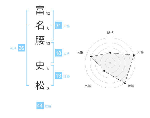 富名腰 史松さんの地格は13画の5点!
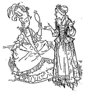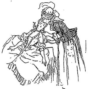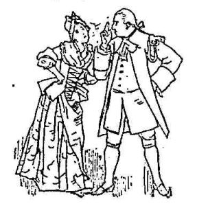Countess.—A yellow silk petticoat, with gay over-dress. Hair high and powdered. Jewels and fan.
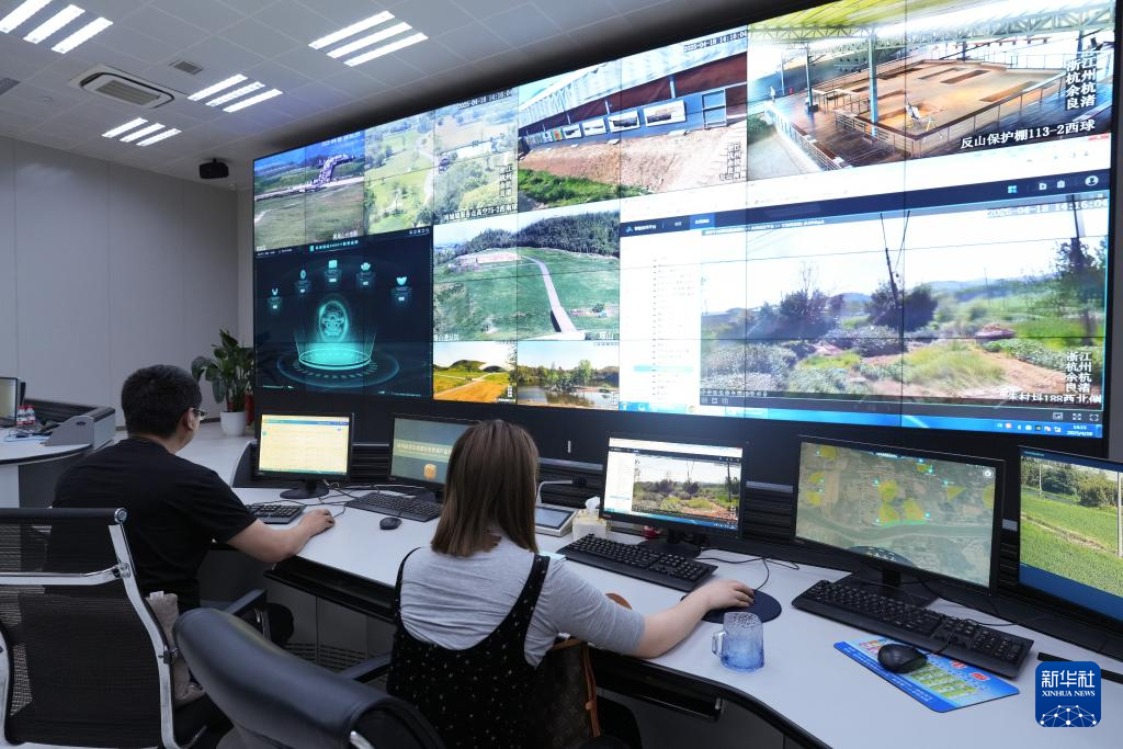 工作人员在良渚古城遗址世界遗产检测管理中心利用“良渚遗址5000+”数智应用监测遗址实时状况(4月18日摄)。
· · ·
WHAT YOU SHOULD DO ▸ Repeat only the lines from the one with "Countess.—A yellow silk" through the end of the data, both included and exactly as written. Pictures stay out of the copy.

WRITTEN SOLUTION ▸
Countess.—A yellow silk petticoat, with gay over-dress. Hair high and powdered. Jewels and fan.
 工作人员在良渚古城遗址世界遗产检测管理中心利用“良渚遗址5000+”数智应用监测遗址实时状况(4月18日摄)。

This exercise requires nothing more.